フランツ・カフカ『夢・アフォリズム・詩』(吉田仙太郎編訳 平凡社ライブラリー

アーシュラ・K・ル・グィン『闇の左手』小尾芙佐訳 ハヤカワ文庫SF)

ポール・クグラー『言葉の錬金術 元型言語学の試み森岡正芳訳 どうぶつ社

ネット書店の誘惑

リアル(古)書店に行くチャンスがなかなかないので、勢いネット書店を利用することが多い。さらに出物や割引セールがあったりすると、なおのこと引っかかってしまう。

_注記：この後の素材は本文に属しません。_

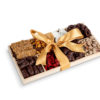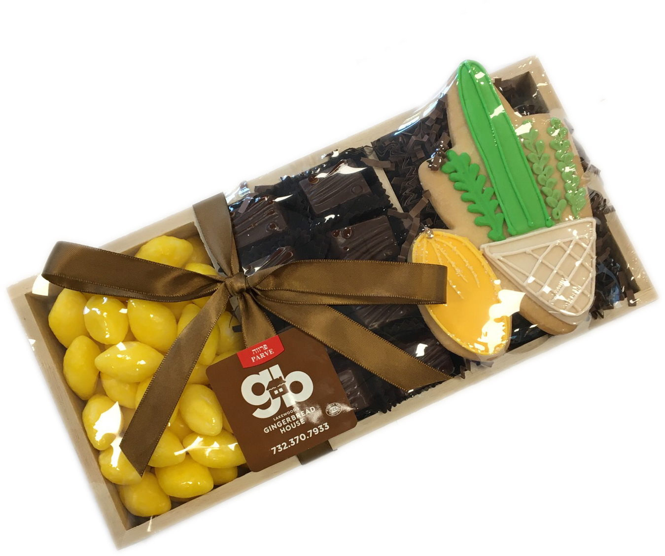 Three section wood tray contains: chocolate truffles, “esrog” candies, and lulav and esrog cookie.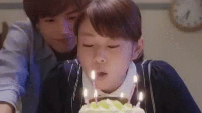 A woman blows out candles on a birthday cake as a man watches, from 'Shokubutsu Zukan'.
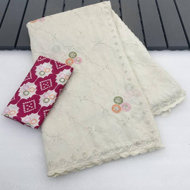 Product Name White Color Embroidery Work And Multi Thread Work With Arco Cut Work Border Vichitra Silk Saree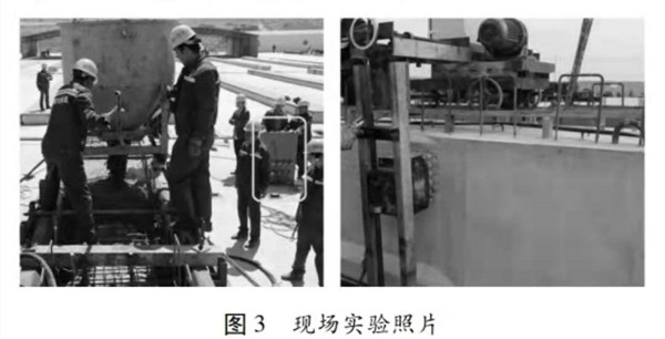 為了推動施工工地標(biāo)準(zhǔn)化建設(shè),提高裝備自動化程度,預(yù)制混凝土梁自動振搗控制柜在京藏高速路某標(biāo)段預(yù)制梁進行了試用,取得了預(yù)期效果,提高了混凝土澆筑質(zhì)量,降低了生產(chǎn)成本。圖3為現(xiàn)場實驗照片。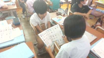 英語科“Who’s this?”の学習では、身近な人を紹介するというゴールに向かって、紹介する言い方や、紹介する人の性格やできることについての表現を学んでいます。絵カード辞書なども進んで活用して自分の言いたいことを伝えようとしている姿が素敵です。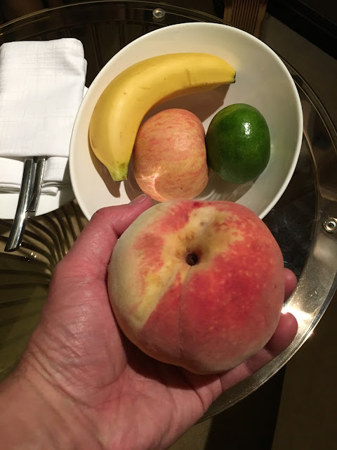 The room came with an offering of fruit as well, including a huge peach that was white in the middle. (Peaches were originally invented in China).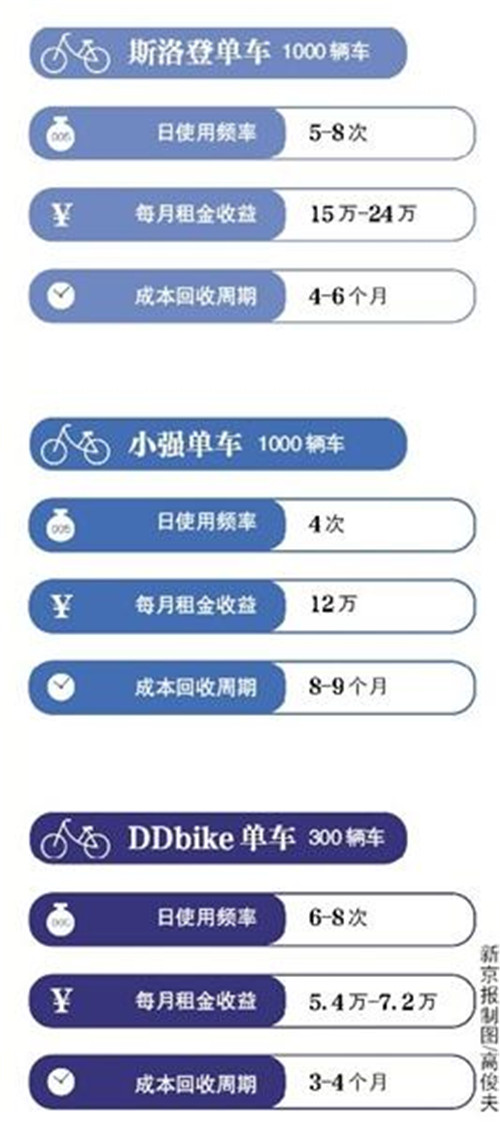 另一個來自成都的DDbike則稱,以15萬人口的縣城為例,投放300輛車,資金約13.8萬,客戶端軟件的使用費(fèi)用3萬,成本總計18萬元,每輛車的日均使用頻率為6-8次,以此計算3至4個月就可收回投資本金。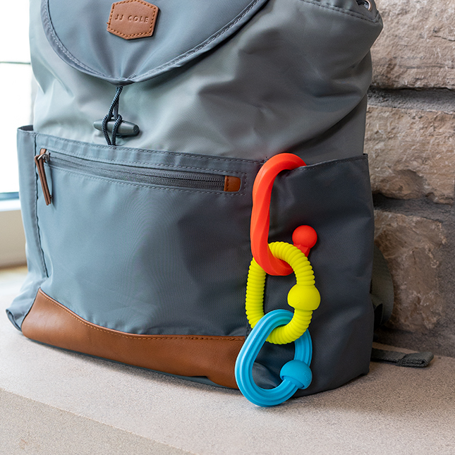 Grab, pull, POP! Each of these three silicone links is sized just right for little hands, is covered with a fascinating texture to explore, and features a ball-and-socket connection that's fun to squeeze together and POP apart. Take them along, hang them from the stroller, let baby freely explore - it's your new go-to for everywhere you go! Help your little one discover new sensory and tactile connections with Plip Grips.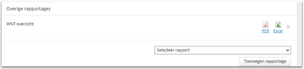 Actie: Open de salarisrun → stap Rapportages en betalen → Overige rapportages → klik op de knop Toevoegen rapportage → selecteer WNT overzicht → klik op de PDF of Excel link om het overzicht te downloaden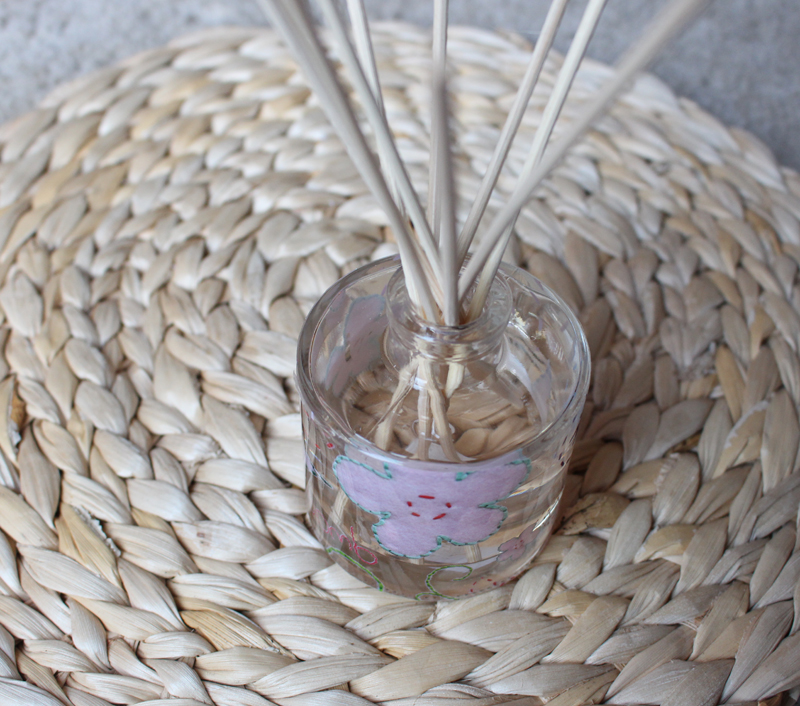 Este mikado de Bomb Cosmetics (o difusor de aromas) se llama Strawberry Patchwork y tiene motivos de patchwork en el difusor (es de cristal y el dibujo está hecho en un plástico que lo recubre) y luego vienen los palitos (mikado) para meter dentro del bote y así a través de los mikado difundir el aroma por la habitación donde lo pongamos.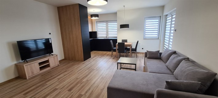 Wykończone w dobrym standardzie. Lodówka z zamrażarką, kuchnia indukcyjna, zmywarka, piekarnik. TV cyfrowa naziemna. Miejsce parkingowe przy budynku. Plac zabaw i teren rekreacyjny. W pobliżu galeria handlowa, aquapark i tereny sportowe.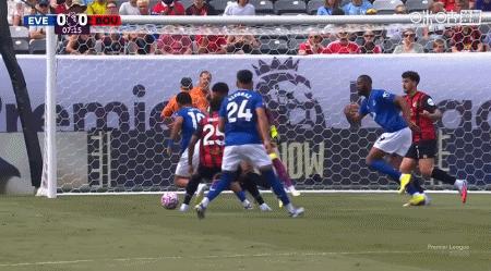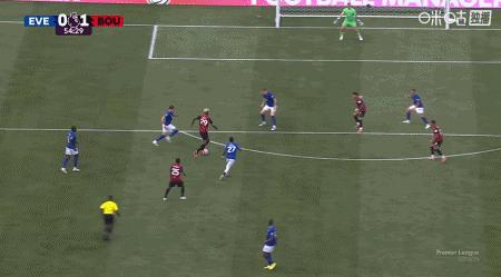 第55分鐘,比林內切破門打破場上僵局,伯恩茅斯1-0埃弗頓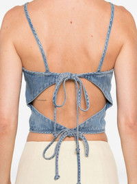 drawstring denim top Highlights - Denim blue - Spaghetti straps - Square neck - Rear tie fastening - Cropped length Imported Composition TENCEL™ Lyocell (LENZING) 100% SIZE & FIT Model measurements Height 5 ft 9 in(1.76 m) Bust/Chest 32.28 in(82 cm) Hips 35.43 in(90 cm) Waist 25.19 in(64 cm) Washing instructions Hand Wash
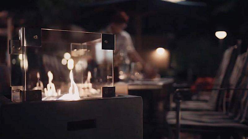 Очаг стола камина заполняется лавовыми или стеклянными камнями и Ваш уличный стол камин готов к использованию.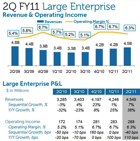 Tal y como se preveía, el segundo trimestre fiscal para Dell y el tercer trimestre para HP se han visto engrosados en gran medida por las ventas en el área de empresa, específicamente en servidores, sistemas de networking, almacenamiento y servicios.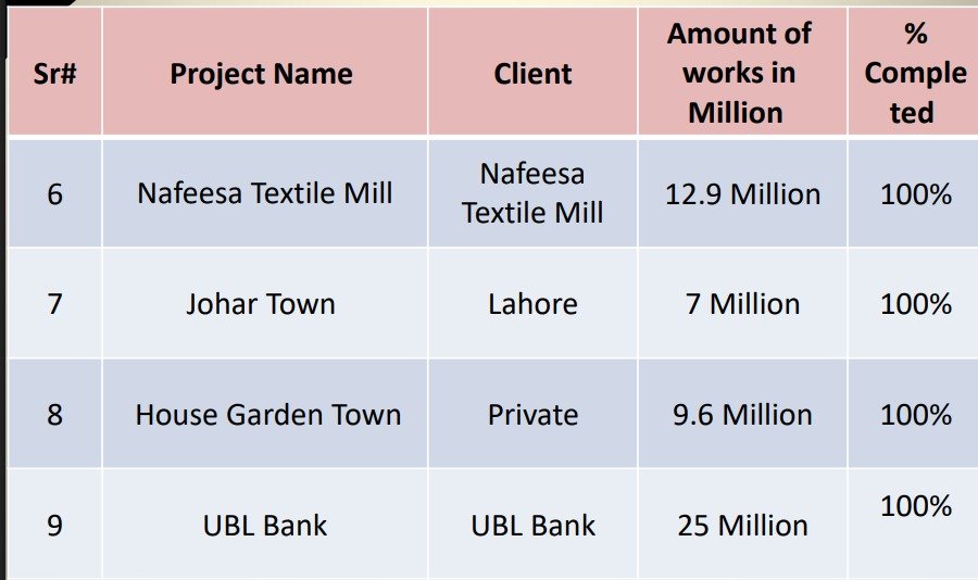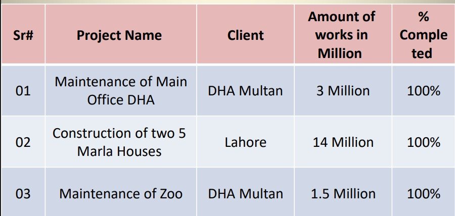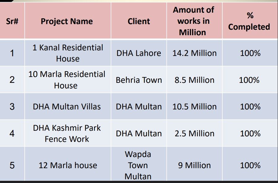 The DHA Multan Villas project located in DHA Multan has been successfully completed. The total value of the work was 10.5 million, and the project has achieved 100% completion.

先日も、ブックオフオンラインで岡田温司中公新書四部作(?)他が激安だったのに加え、期間限定の10%割引クーポンもあったので購入。

 

返す刀で(?)、Book Depositoryからも来ていた10%割引クーポンを使って、最初期のユングの一般聴講者向けセミナーの記録である、"Introduction to Jungian Psychology: Notes of the Seminar on Analytical Psychology Given in 1925" (Edited by William McGuire, Translated by R. F. C. Hull, Introduction by Sonu Shamdasani, Princeton University Press)も註文した。

 

Book Depository は新刊書専門で、全世界送料無料を謳っているが、販売価格も安い。上記の本が、日本のアマゾンだとほぼ同じ価格+送料になるところを、さらに10%割引だからこれは買わない手はない。等ということが度重なって、ますますネット書店の術中にはまるのである。

新着図書:吉田城『神経症者のいる文学 —バルザックからプルーストまでー』

吉田城『神経症者のいる文学 バルザックからプルーストまでー』(名古屋大学出版会)

 

この本もアマゾンで激安(定価3605円のところ、古書で約600円)だったので購入。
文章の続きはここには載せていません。